This activity also introduces students to scientific evidence, models, and explanations as described in the accompanying excerpt drawn from the National Science Education Standards.
Evidence, Models, And Explanation10
Evidence consists of observations and data on which to base scientific explanations. Using evidence to understand interactions allows individuals to predict changes in natural and designed systems.

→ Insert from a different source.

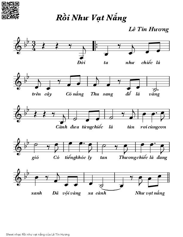 Lê Tín Hương Đời ta như chiếc lá trên cây Có nắng thu sang để lá vàng [PDF] [Sheet] [Lời H.A] [Mp4/Midi]
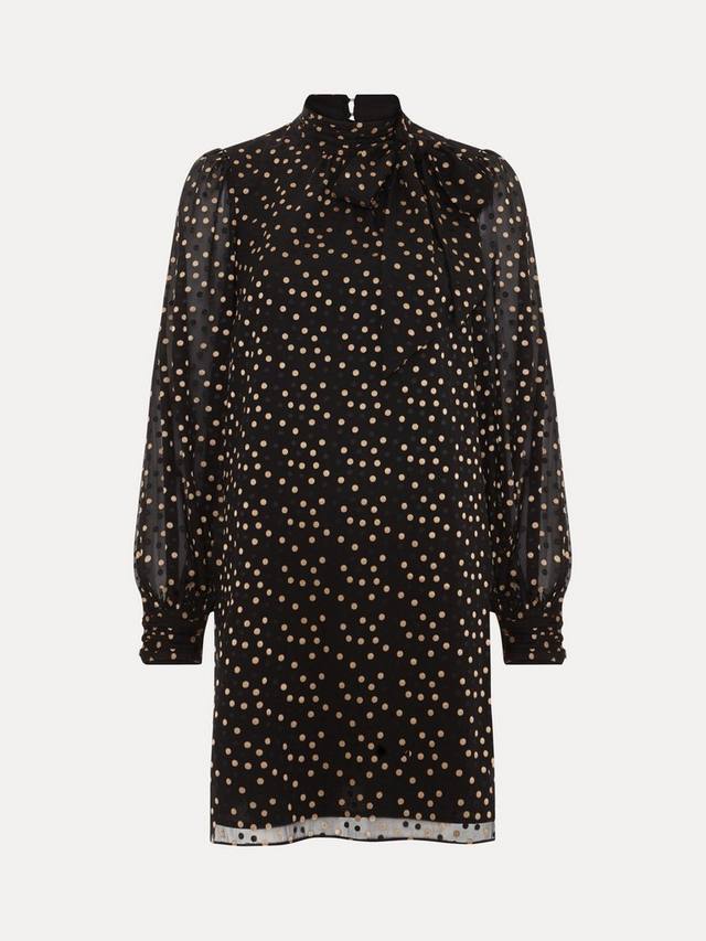 Платье Mabel свободного силуэта на однотонной основе с принтом в горошек и длинными рукавами-блузонами. Высокий круглый вырез дополнен шарфом, создающим идеальное мини-платье для дня или ночи.

Models are tentative schemes or structures that correspond to real objects, events, or classes of events, and that have explanatory power. Models help scientists and engineers understand how things work. Models take many forms, including physical objects, plans, mental constructs, mathematical equations, and computer simulations.
Scientific explanations incorporate existing scientific knowledge and new evidence from observations, experiments, or models into internally consistent, logical statements. Different terms, such as "hypothesis," "model," "law," "principle," "theory,'' and "paradigm," are used to describe various types of scientific explanations. As students develop and as they understand more science concepts and processes, their explanations should become more sophisticated. That is, their scientific explanations should more frequently include a rich scientific knowledge base, evidence of logic, higher levels of analysis, greater tolerance of criticism and uncertainty, and a clearer demonstration of the relationship between logic, evidence, and current knowledge
For each student:
For each group of four students
4 sets of black, white, green, and red paper clips, each set with 35 paper clips
For the entire class:
Engage Ask the students: When you hear the word "evolution," what do you think of first? Have the students explain what they understand about evolution. For many people, the first thing that comes to mind is often the statement "Humans evolved from apes." Did humans evolve from modern apes, or do modern apes and humans have a common ancestor? Do you understand the difference between these two questions? This activity will give you the opportunity to observe differences and similarities in the characteristics of humans and apes. The apes discussed in this activity are the chimpanzee and the gorilla.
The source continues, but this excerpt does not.